We faced an exhaustive day of sightseeing which amongst other sites, included a visit to the Mosque of Muhammad Ali situated high on the Citadel overlooking the city, its bastion canon pointing ominously out over the megalopolis and its inhabitants. The stunning chandelier and alabaster-clad interior would wow us in a city thats architectural style is generally Islamic or just plain “concrete box”. With its huge vast dome and forecourt - probably the most beautiful in Cairo, it has stood on this hill since the mid-19th century and is a modern interloper in a city that has stood here since it began as a Babylonian fortress.

Below the citadel and jostling against the remains of an ancient city wall, is the vast Khan El-Khalili Bazaar, a jumble of merchandise and artisan studios like you have never seen before.

Cairo is also known as Khere - Ohe or “The place of Combat”. Spend an evening in the market and you will understand why.

The Harvard School of Ali Baba’s 40 thieves, a caravanserai  has stood on this spot since the 13th Century and has been a den for all manner of traders to hone their skills of haggling on the unsuspecting browser.  It may appear dodgy, but it is a must-do for any self-respecting tourist to experience. 

Great avenues of hanging silverware cling tenaciously to wires above a series of cobbled streets and alleyways, ringing competitively against the sound of shopkeepers calling you to view.  The smells and sights of the area’s many coffee houses and street markets waft up and around thick rolls of carpet and fabrics, mixing coffee, spices and camel meat in an aromatic conglomeration assaulting the senses. 

This is not just a tourist site, but a living, working market where you will be surrounded by the locals wearing Hijab or Christian Dior, Gallibaya or Levis, shopping for their dinner and haberdashery whilst the men playing backgammon, socialise at tables and hapless tourists shop for their souvenirs of their trip of a life time.

Set in one of the backstreets, is the city’s most famous coffee institution, “El Fishawis”. Established in 1773 and part of the life and tradition of this city, the beautiful coffee house is decorated in an abundance of mirrors and brass plates.

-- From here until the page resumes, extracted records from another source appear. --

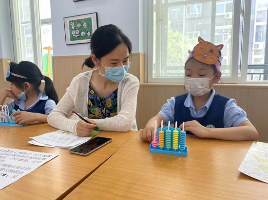 其中,語文學(xué)科重在檢驗(yàn)學(xué)生誦讀課內(nèi)外詩詞、朗讀美文以及書寫的能力。在“書寫繪”環(huán)節(jié)中,學(xué)生通過詩配畫的形式把語文和繪畫融合一體,充分考察了學(xué)生的書寫水平和審美能力。數(shù)學(xué)學(xué)科重在考察學(xué)生的理解能力、語言表達(dá)能力以及解決生活中問題的能力。在“勞動小能手”環(huán)節(jié)中,學(xué)生不僅把書包按不同的分類標(biāo)準(zhǔn)整理的整整齊齊,還能通過簡潔的語言進(jìn)行介紹。這樣的測評內(nèi)容不僅考察了學(xué)生的數(shù)學(xué)素養(yǎng),還體現(xiàn)了學(xué)生的勞動能力。“我真喜歡這樣的測試,每一個關(guān)卡都很有趣,我還通過自己的努力獲得了‘探秘小達(dá)人’稱號呢!”一二班學(xué)生許夢閩開心地說道。
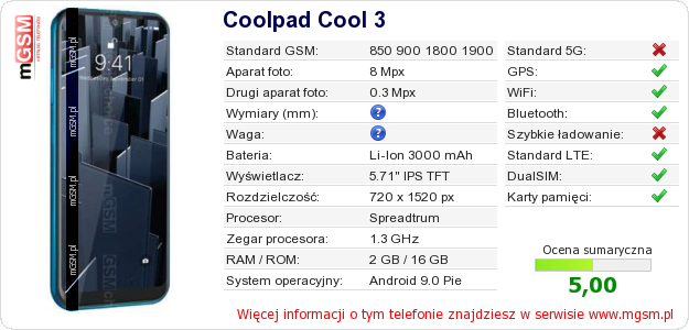 Dane telefonu Coolpad Cool 3 na Twojej stronie
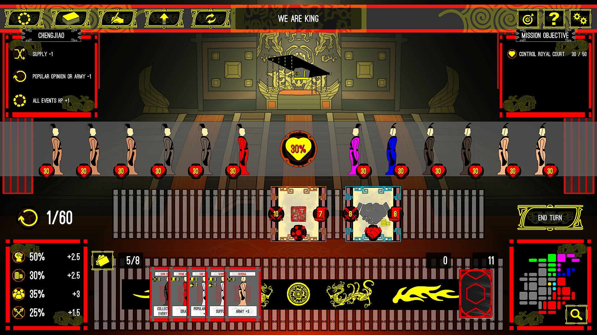 - Control Royal Court: Each royal court card also had its own unique effect, you only can use it when you had well-controlled the royal court.
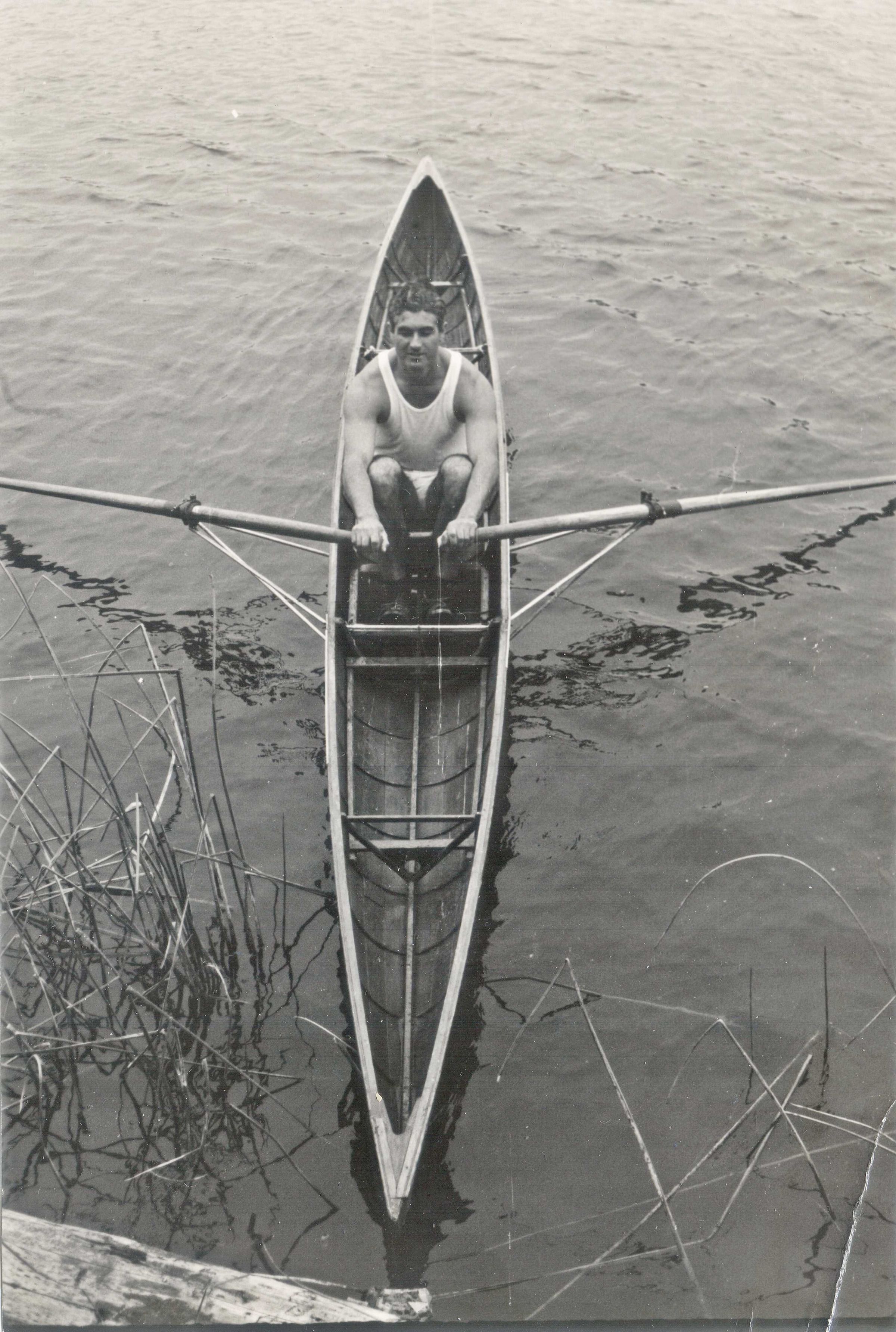 Club member rowing an outrigged skiff
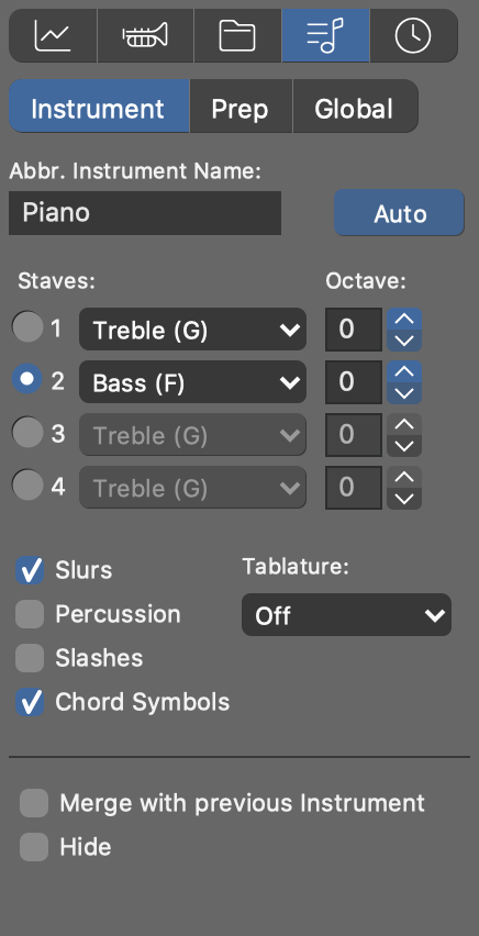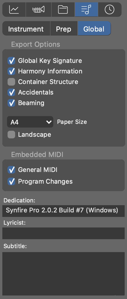 These settings apply to the exported notation file as a whole. Synfire remembers your last settings.
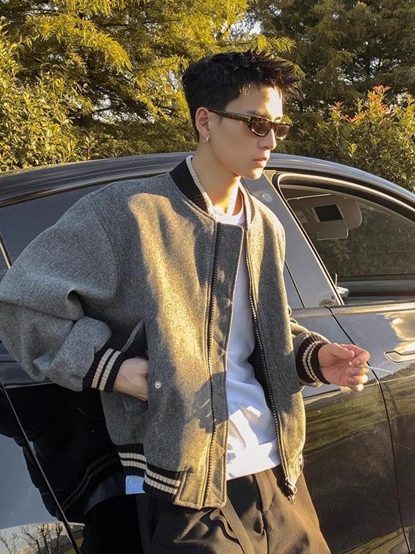 Men's Gray Woolen Bomber Jacket - Retro Baseball Style for Spring and Autumn
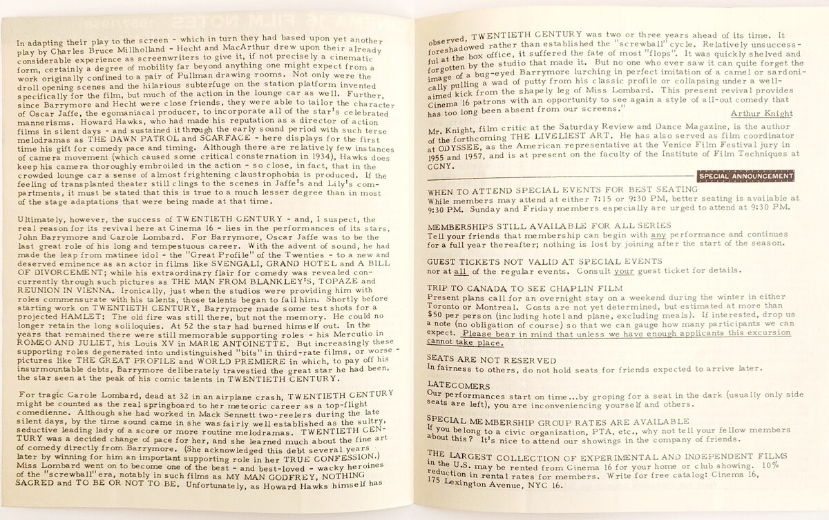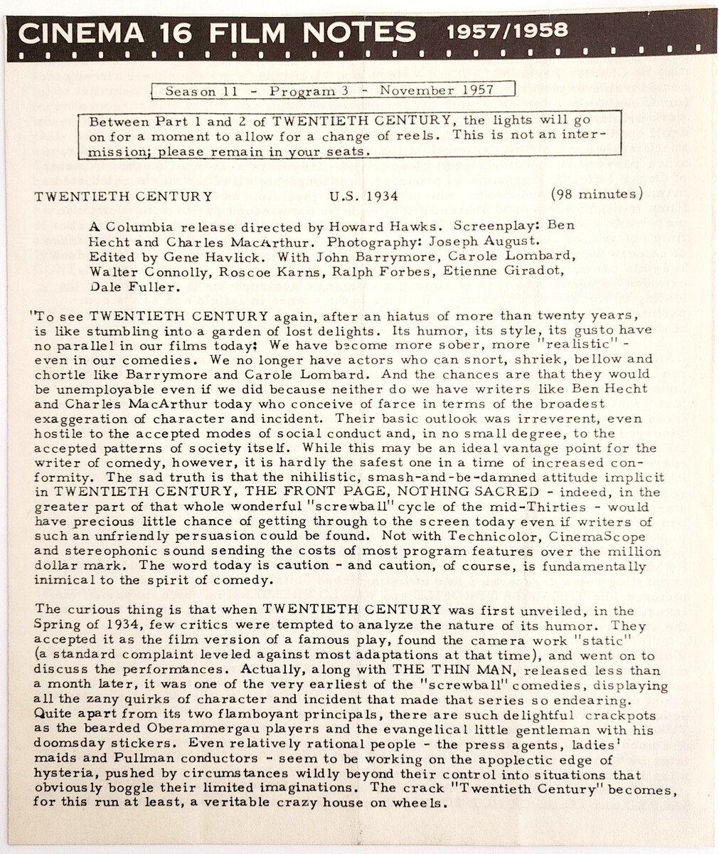 1957 Cinema 16 Film Notes Twentieth Century Hawks Season 11 Nov Original 2 C99

Populated by locals with thick black moustaches and abundant chest hair, the ambrosial tobacco smoke of the Shisha pipe and the sound of the drums and Arabic singing, spills out of its rooms onto the thoroughfare - adding an atmosphere that Ponsonby Central would kill for.  The glutinous black coffee concoction served here in the fine silver Cezve’s will sustain you for hours of shopping in the market.

Once we had stumbled dusty and tired, back through the alleyways of commercial Cairo to the safety of our cruiser, the sights and sounds of the market fading, we relaxed on the top deck of our boat with a regenerative drink on hand, taking in the ancient Nile surrounding us. Low-lying dining skiffs covered in multi coloured lights, floated past us with the sound of belly dancing and the reed pipe echoing across waters that have flowed from the deepest recesses and valleys of darkest Africa since the beginning of time and will continue to do so long after we have gone.


You are told that Egypt is called many things, but sitting here on this great river you can really understand why she is  most widely known as “The Mother of the World”.